Pas dupe des avancées enregistrées ces dernières années, la population aspire au progrès social.

Patrick Piro  • 26 juin 2013 abonné·es

Des centaines de milliers de Brésiliens descendus dans la rue, et des politiques qui bafouillent, des élites prises de court, des analystes perplexes : personne n’a vu venir le coup. Il faut dire que le Brésil est devenu, depuis une décennie, le sujet d’une belle fable progressiste : ce pays aux immenses richesses, mais l’un des plus inégalitaires au monde, a élu l’ex-ouvrier Lula à sa tête, a fait reculer la pauvreté, rivalise presque en croissance économique avec les pays asiatiques, et s’est vu attribuer des événements sportifs majeurs – Coupe des confédérations (actuellement) et Mundial 2014 pour le football, JO en 2016. Mais que demande le peuple ? «  Il faut mater ces délinquants », ont hâtivement jugé des politiques et des éditorialistes convaincus par ce mythe. D’autant que la « chienlit » est en majorité fomentée par la classe moyenne. Ces manifestants ont protesté contre la hausse du tarif des bus, même s’ils ne font pas partie des millions de travailleurs pauvres qui l’ont subie de plein fouet, exilés à trois heures des bassins d’emploi. Et les mots d’ordre exigent désormais des services publics dignes de ce nom, la fin de la corruption, plus de démocratie – dénonçant in fine la confiscation du progrès social par les élites au pouvoir, après de premières avancées qui ont fait illusion, mais qui n’avaient surtout que trop tardé.

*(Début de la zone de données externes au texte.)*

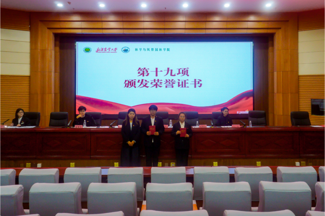 教学科研办副主任于婷为第四届团委、学生会优秀部门、创新部门颁发荣誉证书
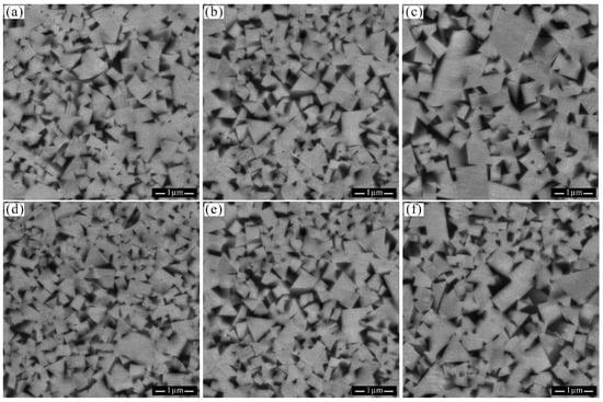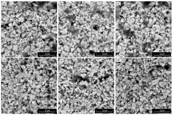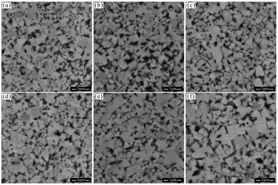 Fracture grain morphology of WC-10Co and WC-10CoNiFe samples for selected preparation conditions. (a) A-1-1410; (b) A-3-1410; (c) A-3-1450; (d) B-1-1410; (e) B-3-1410; (f) B-3-1450.

À São Paulo, Rio, Curitiba ou Fortaleza, la rue provoque l’effondrement d’un mythe en carton-pâte, qui a d’abord servi à rassurer les investisseurs étrangers : le Brésil reste un pays émergent aux insuffisances béantes. Peu importe que le mouvement soit hétéroclite et son avenir incertain : il a déjà gagné une portée historique en signant l’accession des Brésiliens à une maturité démocratique. La mobilisation, sur Internet, est insensible au carcan des grands médias, aux mains du pouvoir économique. Elle raille les esprits attardés qui lui demandent une trêve pour respecter la Coupe des confédérations, comme si le peuple devait dévotion inconditionnelle au dieu football. Et elle s’est affranchie des organisations politiques, ce qui n’est pas la moindre des sanctions pour le PT au pouvoir. Ce « printemps brésilien » marque une fin de cycle pour le Parti des travailleurs de Lula et de la Présidente Dilma Roussef, rangé depuis longtemps aux raisons du libéralisme et devenu incapable d’incarner les revendications de mieux-être de la population. Les aspirations éthiques de juin 2013 pourraient ainsi augurer d’un renouveau politique au Brésil.